> TASK DIRECTIONS
Look in the listing below for the line that has "Figure 2. Nestling", then return it and each following line up to and including the one with "4: Door osr Chipped 1 To 5", exactly and without pictures.

> EXERCISE DATA
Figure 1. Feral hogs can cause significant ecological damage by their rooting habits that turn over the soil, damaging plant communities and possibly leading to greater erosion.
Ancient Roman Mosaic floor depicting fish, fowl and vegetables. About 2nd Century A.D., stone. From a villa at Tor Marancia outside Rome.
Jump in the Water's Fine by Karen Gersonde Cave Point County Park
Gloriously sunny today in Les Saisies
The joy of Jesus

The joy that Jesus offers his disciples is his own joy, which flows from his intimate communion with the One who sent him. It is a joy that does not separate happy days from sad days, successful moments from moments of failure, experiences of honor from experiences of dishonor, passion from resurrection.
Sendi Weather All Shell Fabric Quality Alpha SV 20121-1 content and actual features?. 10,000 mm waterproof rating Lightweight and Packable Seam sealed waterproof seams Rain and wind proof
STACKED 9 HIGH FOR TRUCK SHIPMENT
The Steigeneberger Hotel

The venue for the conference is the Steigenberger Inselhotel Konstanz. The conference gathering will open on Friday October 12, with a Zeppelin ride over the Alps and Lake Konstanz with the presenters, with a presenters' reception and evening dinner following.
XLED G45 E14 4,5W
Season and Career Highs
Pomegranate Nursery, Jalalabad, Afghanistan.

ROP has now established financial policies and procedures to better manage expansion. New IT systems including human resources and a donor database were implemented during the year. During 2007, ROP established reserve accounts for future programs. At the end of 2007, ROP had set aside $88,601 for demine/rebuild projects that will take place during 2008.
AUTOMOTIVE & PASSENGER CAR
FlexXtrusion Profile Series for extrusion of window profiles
...
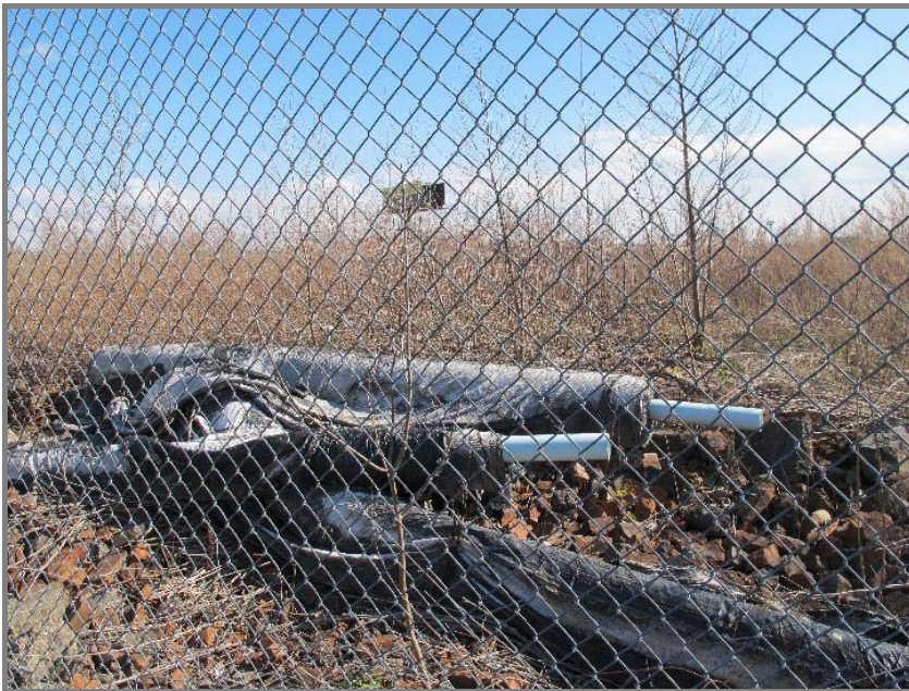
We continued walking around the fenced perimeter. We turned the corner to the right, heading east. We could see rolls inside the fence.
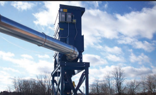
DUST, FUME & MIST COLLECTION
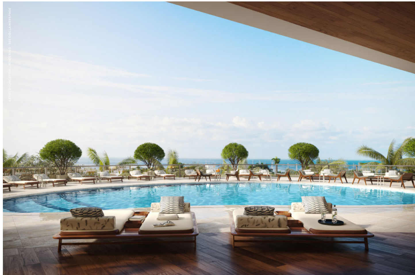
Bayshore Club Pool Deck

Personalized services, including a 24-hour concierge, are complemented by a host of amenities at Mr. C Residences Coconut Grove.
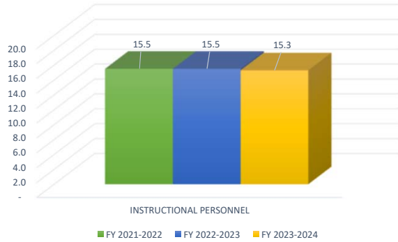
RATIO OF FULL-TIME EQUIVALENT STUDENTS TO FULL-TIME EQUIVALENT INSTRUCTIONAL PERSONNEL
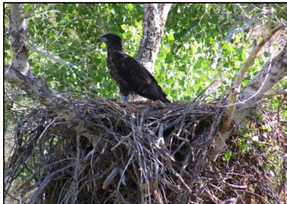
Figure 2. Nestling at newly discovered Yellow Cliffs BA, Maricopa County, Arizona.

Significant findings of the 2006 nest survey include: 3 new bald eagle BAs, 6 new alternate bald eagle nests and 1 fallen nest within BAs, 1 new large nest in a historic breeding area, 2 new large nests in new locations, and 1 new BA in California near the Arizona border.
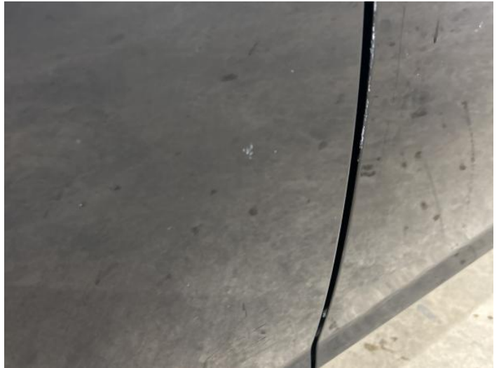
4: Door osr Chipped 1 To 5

> WRITTEN RESPONSE
Figure 2. Nestling at newly discovered Yellow Cliffs BA, Maricopa County, Arizona.

Significant findings of the 2006 nest survey include: 3 new bald eagle BAs, 6 new alternate bald eagle nests and 1 fallen nest within BAs, 1 new large nest in a historic breeding area, 2 new large nests in new locations, and 1 new BA in California near the Arizona border.
4: Door osr Chipped 1 To 5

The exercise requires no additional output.